_Directions for this task_
Once the line holding "국물은 맑은 편이지만 깊고 진하게 우러난 멸치와 채소육수 베이스." is found, output it and all remaining lines of the data exactly, with every picture left out.

_Data in this exercise_
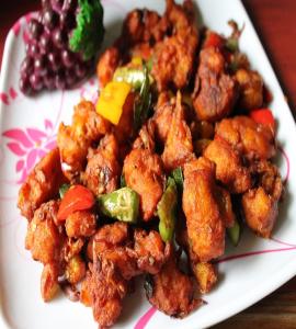 Boneless cubes of bone in chicken fried and tossed in a special aromatic sauce made with chillies.
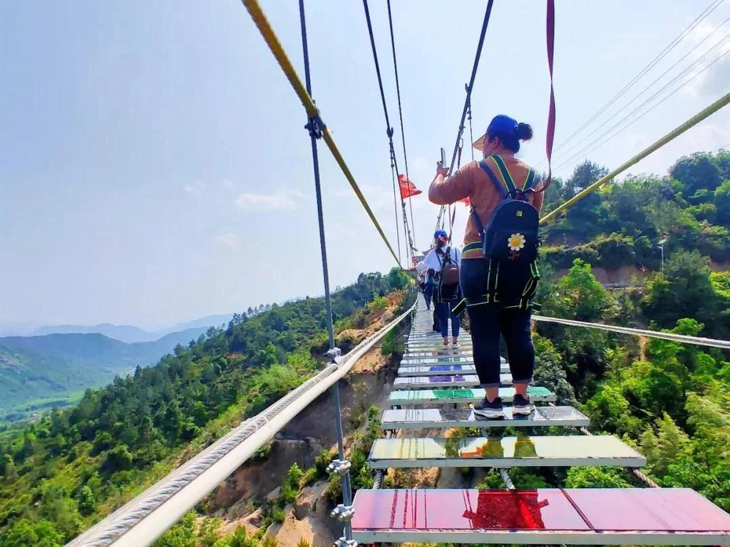 灵龙谷的步步惊心玻璃桥全长近200米,是漳州zui长的高空玻璃桥;穿入云海,连接两座山峰,一块块彩色的玻璃踏板之间是中空的。走在上面,低头就能望穿整个山谷。系上安全带,踏上步步惊心玻璃桥,在风中微微摇晃的绝对能够刺激你肾上腺激素的飙升~
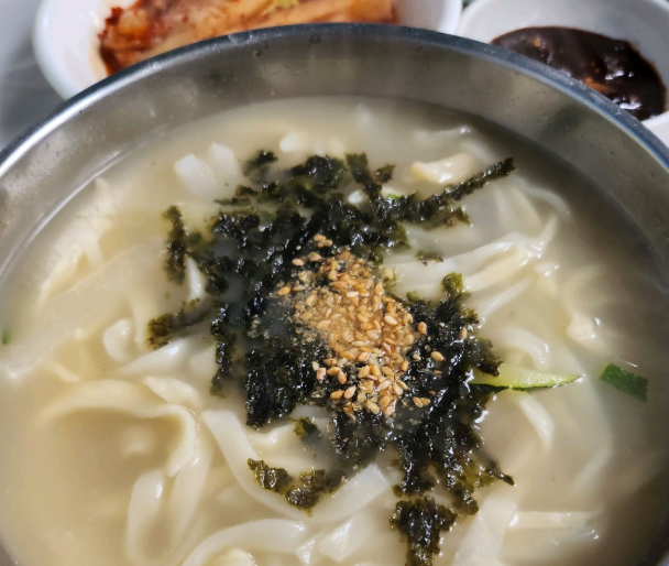 국물은 맑은 편이지만 깊고 진하게 우러난 멸치와 채소육수 베이스.
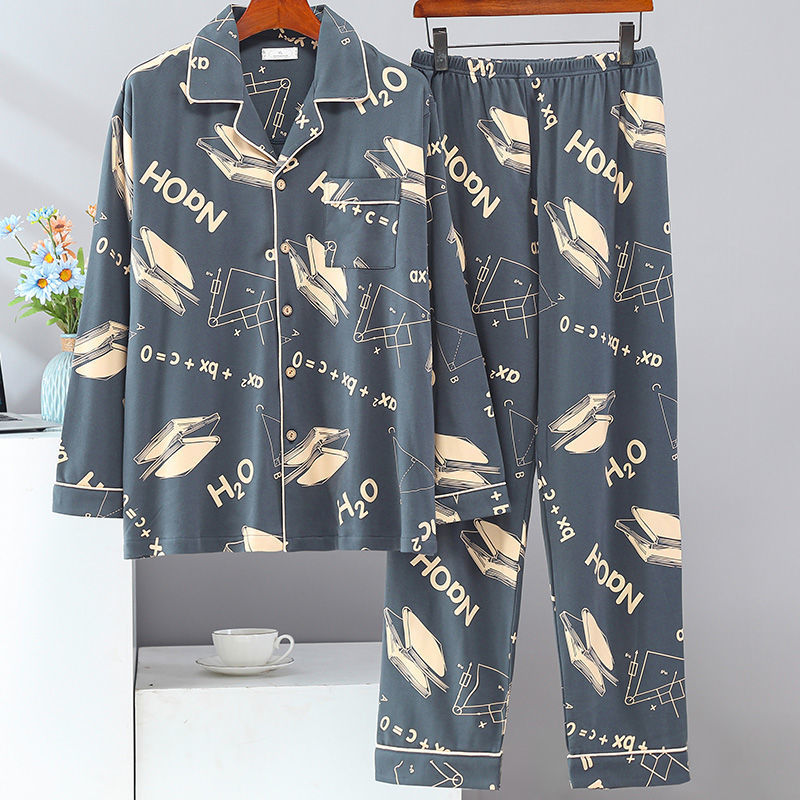 パジャマ男性春秋純綿長袖男性プラスサイズ青年秋冬天家服外着可
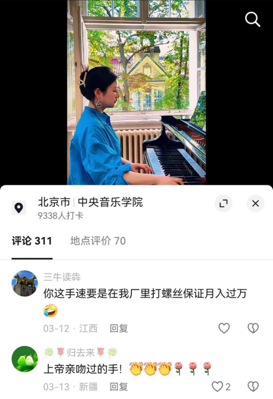 “也许可以把抖音看成一所大众的音乐学院。”在这里,周莹变得越来越放松。网友调侃她,“你这手速要是在我厂里打螺丝保证月入过万”,她看了哈哈大笑。她也学会了和粉丝们开玩笑,粉丝们说点赞点得“手都抽筋了”。她回复,我在这弹,练手速,你们也练手速吗?
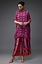 Featuring a purple kurta in silk base with boota work. It is paired with matching palazzo pants. Style it with dangler earrings and heels for a festive look.
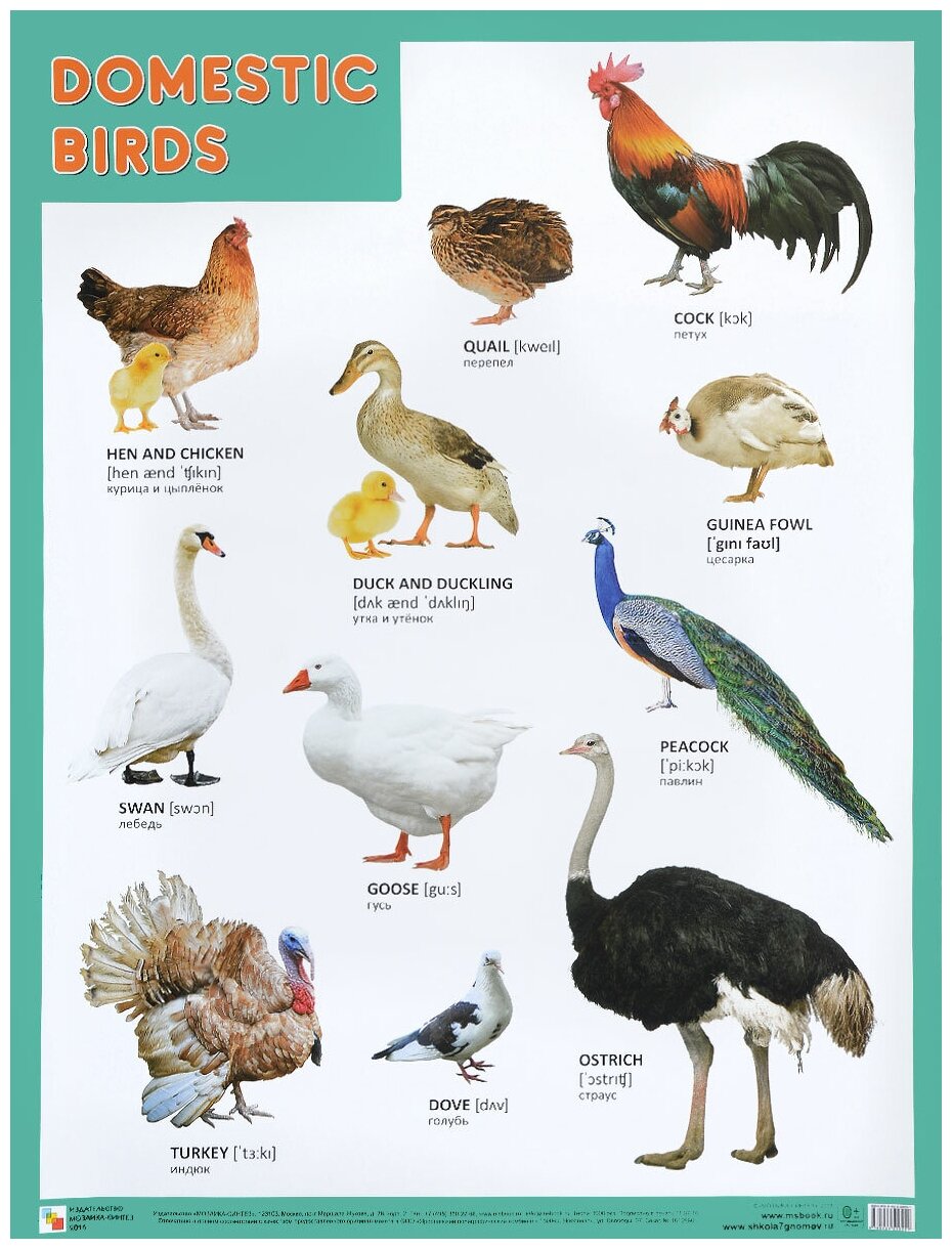 Плакат большого формата "DOMESTIC BIRDS" поможет детям в изучении английского языка. С его помощью они легко освоят новые слова по теме "Домашние птицы" и запомнят названия различных домашних птиц: павлин, цесарка, утка, страус, перепел и др.
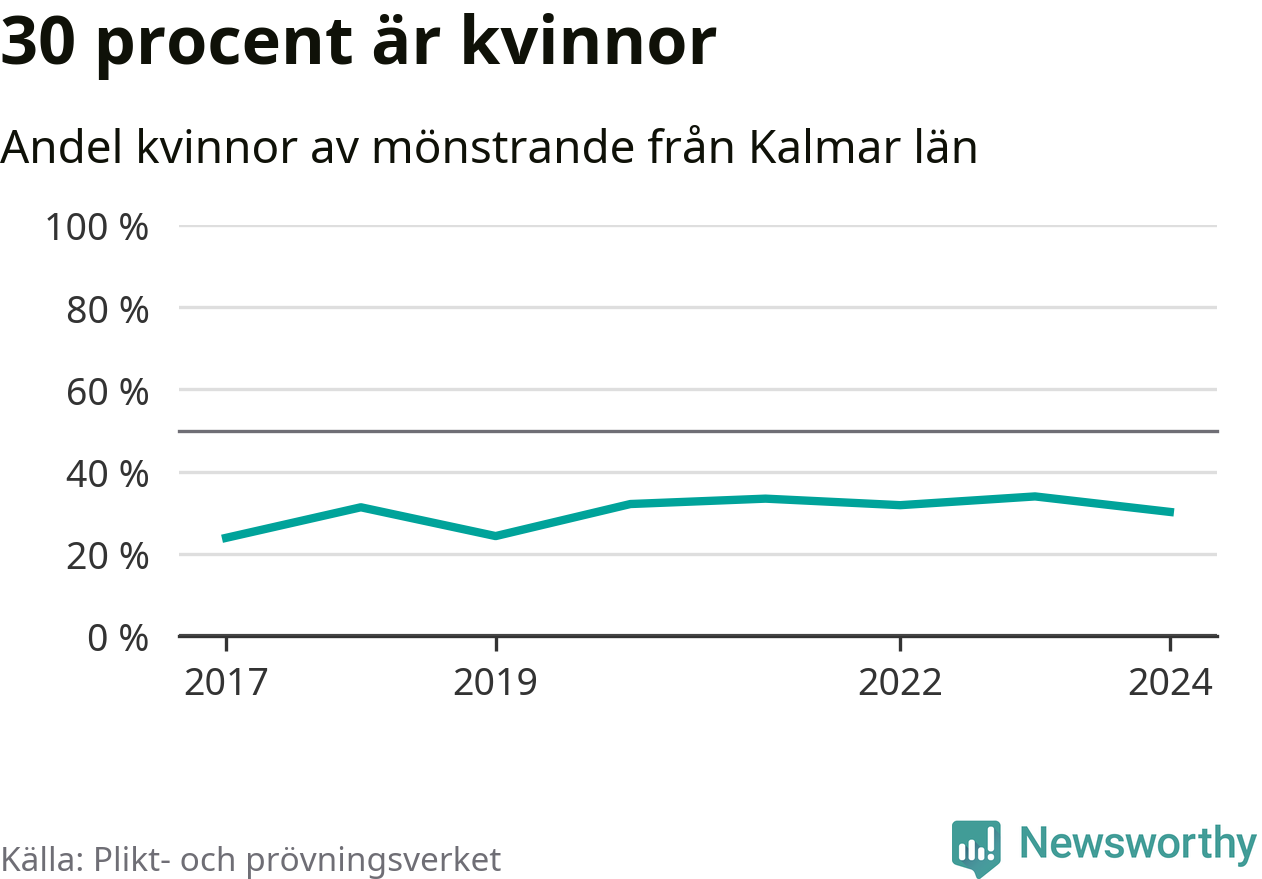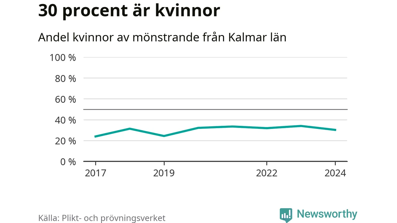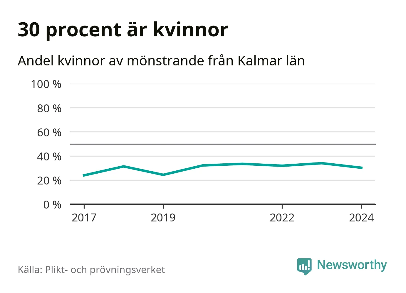 192 av de som kallats till mönstring från Kalmar län är kvinnor, vilket motsvarar 30 procent av de mönstrande. Som mest har 199 kvinnor kallats från kommunen (2023). I riket som helhet är 30 procent av de mönstrande tjejer.

_Solution for this problem_
 국물은 맑은 편이지만 깊고 진하게 우러난 멸치와 채소육수 베이스.
 パジャマ男性春秋純綿長袖男性プラスサイズ青年秋冬天家服外着可
 “也许可以把抖音看成一所大众的音乐学院。”在这里,周莹变得越来越放松。网友调侃她,“你这手速要是在我厂里打螺丝保证月入过万”,她看了哈哈大笑。她也学会了和粉丝们开玩笑,粉丝们说点赞点得“手都抽筋了”。她回复,我在这弹,练手速,你们也练手速吗?
 Featuring a purple kurta in silk base with boota work. It is paired with matching palazzo pants. Style it with dangler earrings and heels for a festive look.
 Плакат большого формата "DOMESTIC BIRDS" поможет детям в изучении английского языка. С его помощью они легко освоят новые слова по теме "Домашние птицы" и запомнят названия различных домашних птиц: павлин, цесарка, утка, страус, перепел и др.
 192 av de som kallats till mönstring från Kalmar län är kvinnor, vilket motsvarar 30 procent av de mönstrande. Som mest har 199 kvinnor kallats från kommunen (2023). I riket som helhet är 30 procent av de mönstrande tjejer.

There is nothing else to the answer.